Eurogroup President Paschal Donohoe told reporters that the overall fiscal stance of the single currency area this year is still expected to be “slightly contractionary,” as previously agreed upon by Eurozone ministers in December.

“Is this [December] statement and this guidance still valid? Yes, it is,” said Donohoe, who also serves as Ireland’s Finance Minister.

Donohoe added that ministers acknowledged they were in “a very, very different world” compared to before Donald Trump’s potential return to the White House in January, a situation that has upended decades-old assumptions about Washington’s commitment to Europe’s security.

Valdis Dombrovskis, the European Commission’s Executive Vice President for An Economy that Works for People, also speaking alongside Donohoe on Monday, similarly stated that the Eurogroup’s December statement “remains valid,” referring to the need to control inflation, which is slightly above the European Central Bank’s 2% target.

Dombrovskis and Donohoe had previously clashed over whether new defense investments would require a change in the bloc’s overall fiscal outlook.
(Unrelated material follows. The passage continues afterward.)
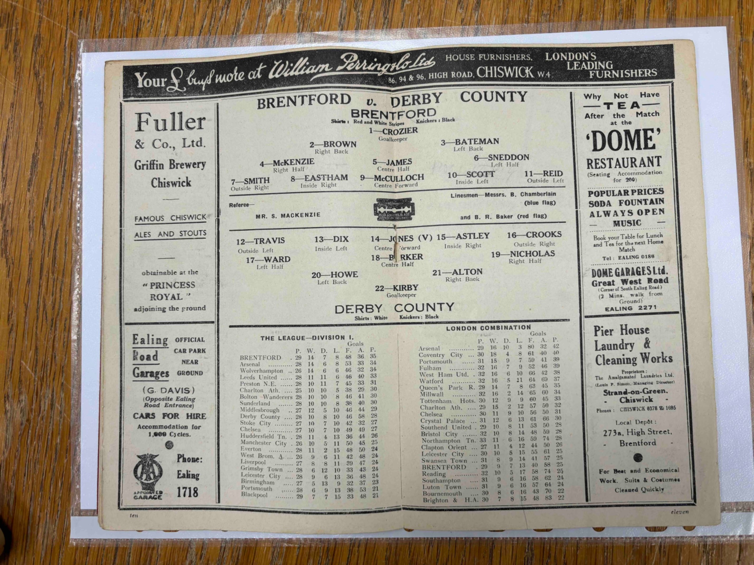 1937/38 Brentford v Derby County, Middle page loose, no writing

At a meeting of Eurozone ministers in Brussels last month, Donohoe said the December statement “remains unchanged,” while Dombrovskis argued that the bloc’s fiscal stance would “certainly shift towards more expansion.”

Monday’s comments followed Germany’s announcement last Tuesday of a €1 trillion defense and infrastructure package.

Last week, Germany’s EU ambassador also told ambassadors of other member states that the rules threatening EU countries with fines if they run deficits of more than 3% of their annual GDP should be changed rather than just suspended.

However, German State Secretary for Finance Jörg Kukies said before Monday’s Eurogroup meeting that Berlin’s view on whether the rules need to be changed “will depend on the exact formulation of what the Commission will propose.”

Dombrovskis suggested that the rules would not be revised in the near future, noting that a revised version had only come into effect last year and that renegotiations would “take time.”

“We are dealing with challenging security issues that we need to address. We need to react now,” Dombrovskis said.